START Extracted entries

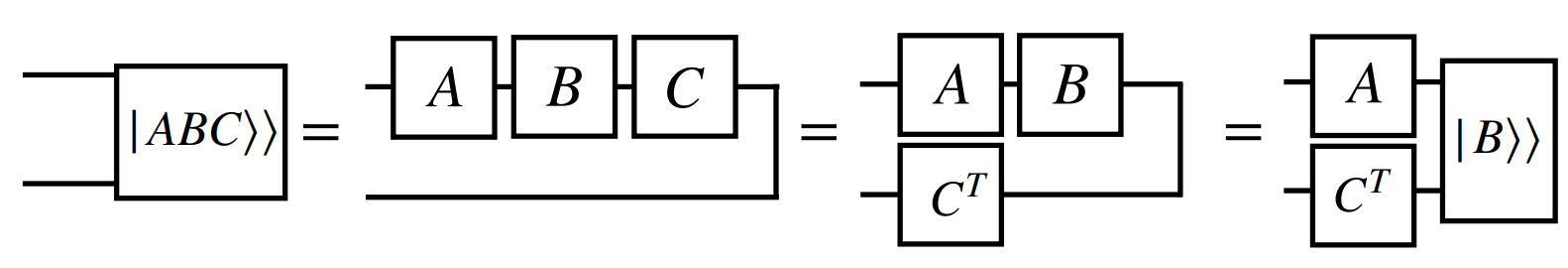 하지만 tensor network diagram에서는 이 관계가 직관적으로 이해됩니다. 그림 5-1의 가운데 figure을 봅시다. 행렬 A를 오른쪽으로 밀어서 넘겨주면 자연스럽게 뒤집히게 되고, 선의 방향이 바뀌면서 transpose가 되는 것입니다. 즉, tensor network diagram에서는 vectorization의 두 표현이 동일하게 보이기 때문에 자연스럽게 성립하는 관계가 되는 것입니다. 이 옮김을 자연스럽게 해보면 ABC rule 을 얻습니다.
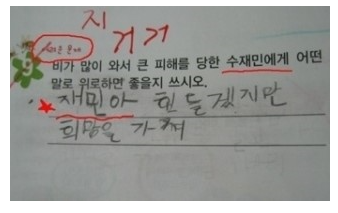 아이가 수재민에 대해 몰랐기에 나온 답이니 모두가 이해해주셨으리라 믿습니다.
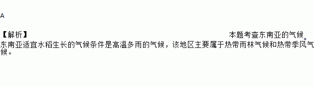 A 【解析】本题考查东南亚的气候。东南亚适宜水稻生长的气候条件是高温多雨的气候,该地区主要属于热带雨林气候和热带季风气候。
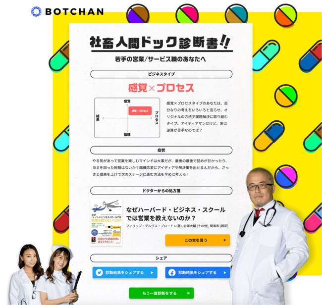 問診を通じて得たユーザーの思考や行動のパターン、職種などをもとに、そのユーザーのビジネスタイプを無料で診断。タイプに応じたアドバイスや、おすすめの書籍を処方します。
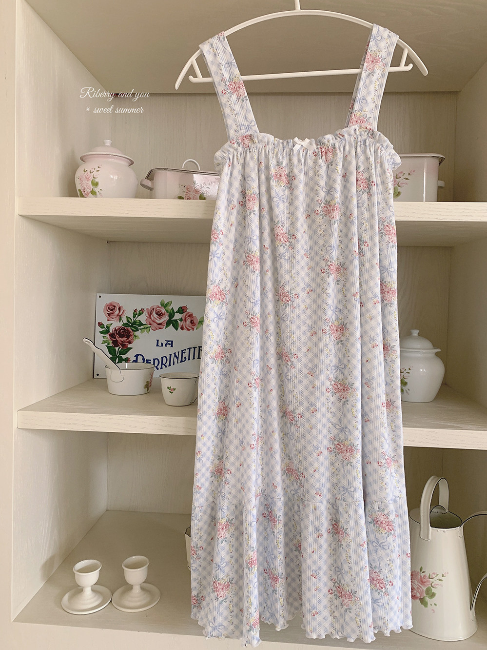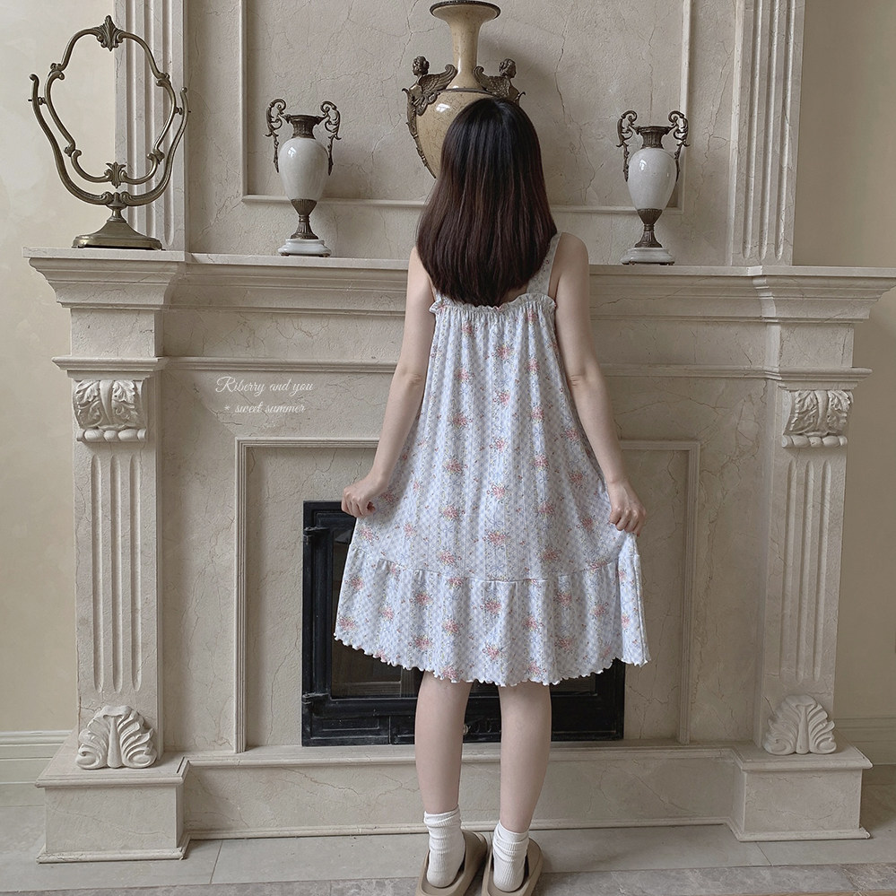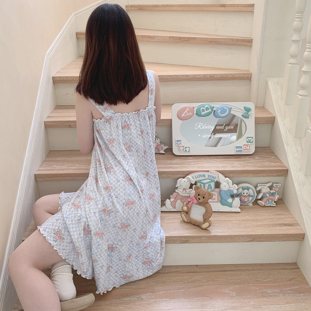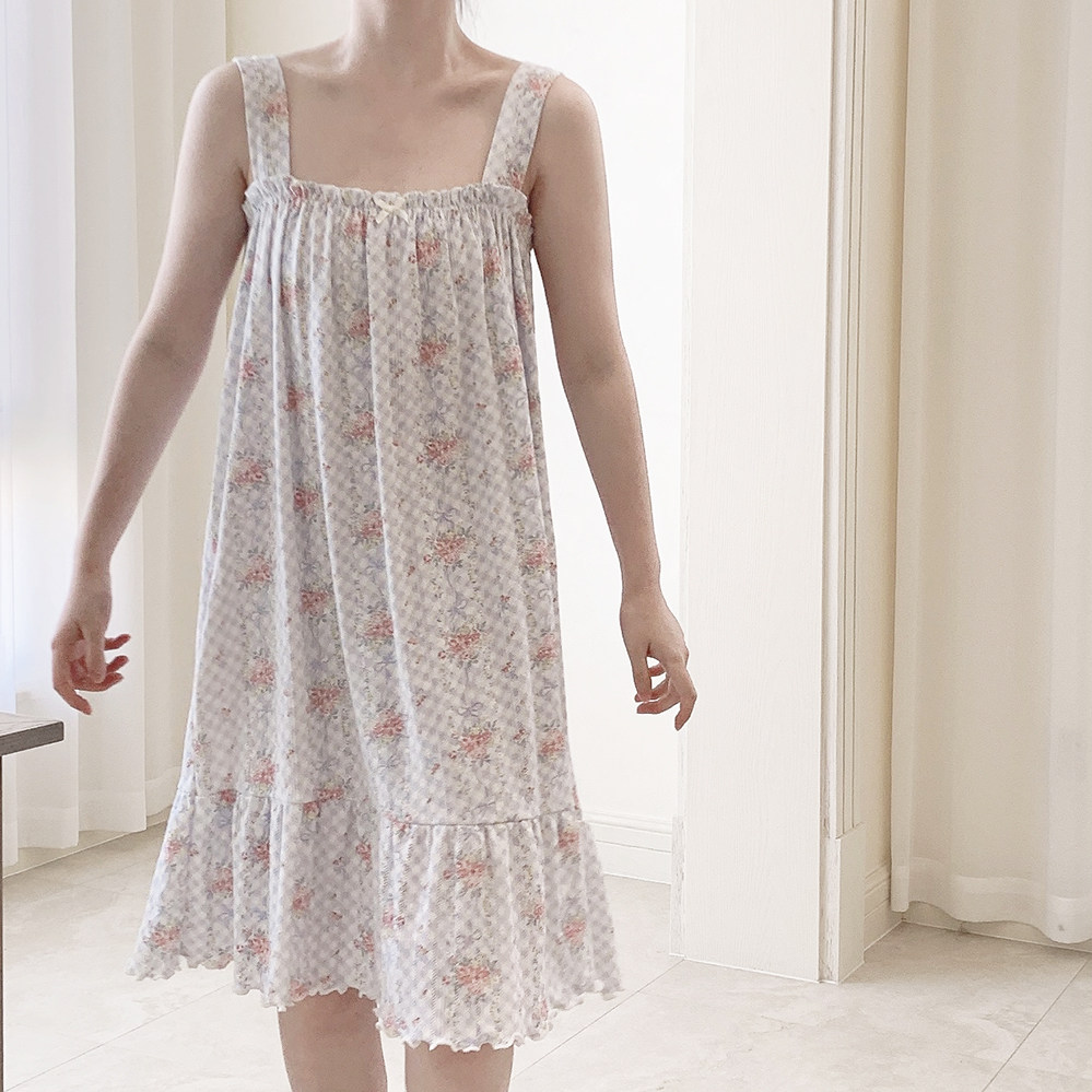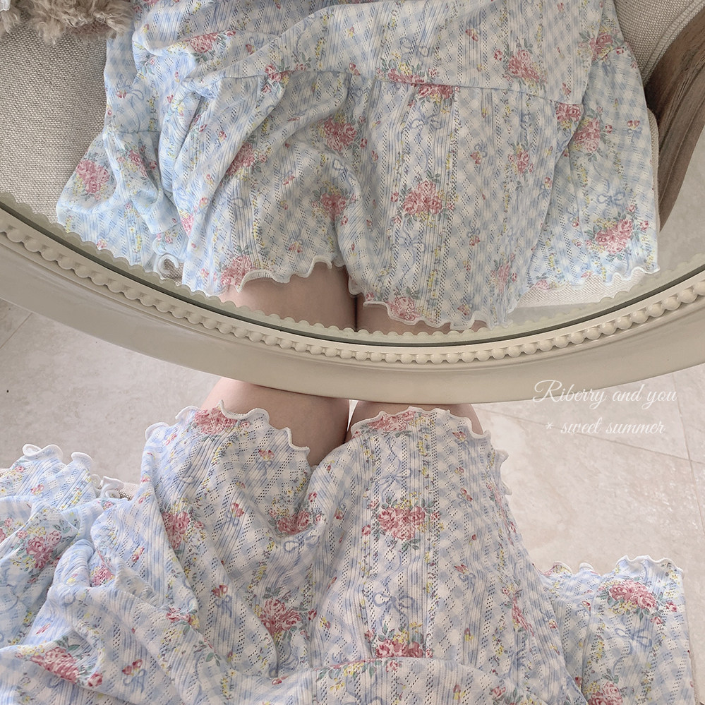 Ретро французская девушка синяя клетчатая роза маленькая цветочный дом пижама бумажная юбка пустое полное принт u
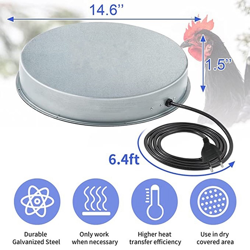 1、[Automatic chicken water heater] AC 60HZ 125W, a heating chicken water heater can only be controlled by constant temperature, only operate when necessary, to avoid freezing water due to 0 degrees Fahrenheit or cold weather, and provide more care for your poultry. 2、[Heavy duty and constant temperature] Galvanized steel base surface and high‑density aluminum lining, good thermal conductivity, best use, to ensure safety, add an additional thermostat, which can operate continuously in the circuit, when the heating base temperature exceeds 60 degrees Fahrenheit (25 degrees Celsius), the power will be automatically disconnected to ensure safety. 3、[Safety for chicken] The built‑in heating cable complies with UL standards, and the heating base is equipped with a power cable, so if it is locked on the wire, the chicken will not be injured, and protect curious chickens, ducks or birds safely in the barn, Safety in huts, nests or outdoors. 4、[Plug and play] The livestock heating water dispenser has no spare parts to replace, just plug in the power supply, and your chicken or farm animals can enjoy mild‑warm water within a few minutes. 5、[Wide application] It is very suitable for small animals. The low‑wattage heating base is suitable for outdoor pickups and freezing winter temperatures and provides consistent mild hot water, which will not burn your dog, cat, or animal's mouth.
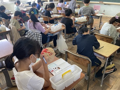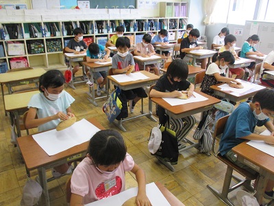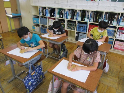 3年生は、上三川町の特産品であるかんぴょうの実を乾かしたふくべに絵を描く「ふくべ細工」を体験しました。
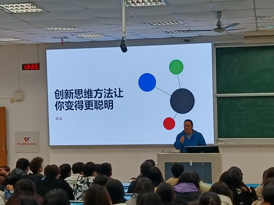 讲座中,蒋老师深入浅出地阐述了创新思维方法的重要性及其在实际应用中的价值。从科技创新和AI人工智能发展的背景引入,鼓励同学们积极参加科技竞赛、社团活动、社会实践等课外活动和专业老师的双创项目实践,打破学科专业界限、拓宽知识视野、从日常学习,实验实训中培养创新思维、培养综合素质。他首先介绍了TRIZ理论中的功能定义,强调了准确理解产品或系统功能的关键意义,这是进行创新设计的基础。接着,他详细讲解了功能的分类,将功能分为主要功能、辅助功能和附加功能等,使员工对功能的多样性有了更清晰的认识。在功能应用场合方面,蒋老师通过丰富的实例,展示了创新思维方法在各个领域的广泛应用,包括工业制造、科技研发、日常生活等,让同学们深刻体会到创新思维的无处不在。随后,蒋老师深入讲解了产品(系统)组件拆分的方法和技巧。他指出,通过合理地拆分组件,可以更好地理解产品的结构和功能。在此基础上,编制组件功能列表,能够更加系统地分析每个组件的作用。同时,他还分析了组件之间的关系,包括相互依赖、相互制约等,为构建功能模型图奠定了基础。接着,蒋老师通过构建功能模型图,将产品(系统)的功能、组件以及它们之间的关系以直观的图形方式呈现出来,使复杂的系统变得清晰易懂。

END Extracted entries

Starting with the first line of the data above, write out each line exactly up to and including the line that holds "Ретро французская девушка". Pictures stay out.

- **Reply**
 하지만 tensor network diagram에서는 이 관계가 직관적으로 이해됩니다. 그림 5-1의 가운데 figure을 봅시다. 행렬 A를 오른쪽으로 밀어서 넘겨주면 자연스럽게 뒤집히게 되고, 선의 방향이 바뀌면서 transpose가 되는 것입니다. 즉, tensor network diagram에서는 vectorization의 두 표현이 동일하게 보이기 때문에 자연스럽게 성립하는 관계가 되는 것입니다. 이 옮김을 자연스럽게 해보면 ABC rule 을 얻습니다.
 아이가 수재민에 대해 몰랐기에 나온 답이니 모두가 이해해주셨으리라 믿습니다.
 A 【解析】本题考查东南亚的气候。东南亚适宜水稻生长的气候条件是高温多雨的气候,该地区主要属于热带雨林气候和热带季风气候。
 問診を通じて得たユーザーの思考や行動のパターン、職種などをもとに、そのユーザーのビジネスタイプを無料で診断。タイプに応じたアドバイスや、おすすめの書籍を処方します。
 Ретро французская девушка синяя клетчатая роза маленькая цветочный дом пижама бумажная юбка пустое полное принт u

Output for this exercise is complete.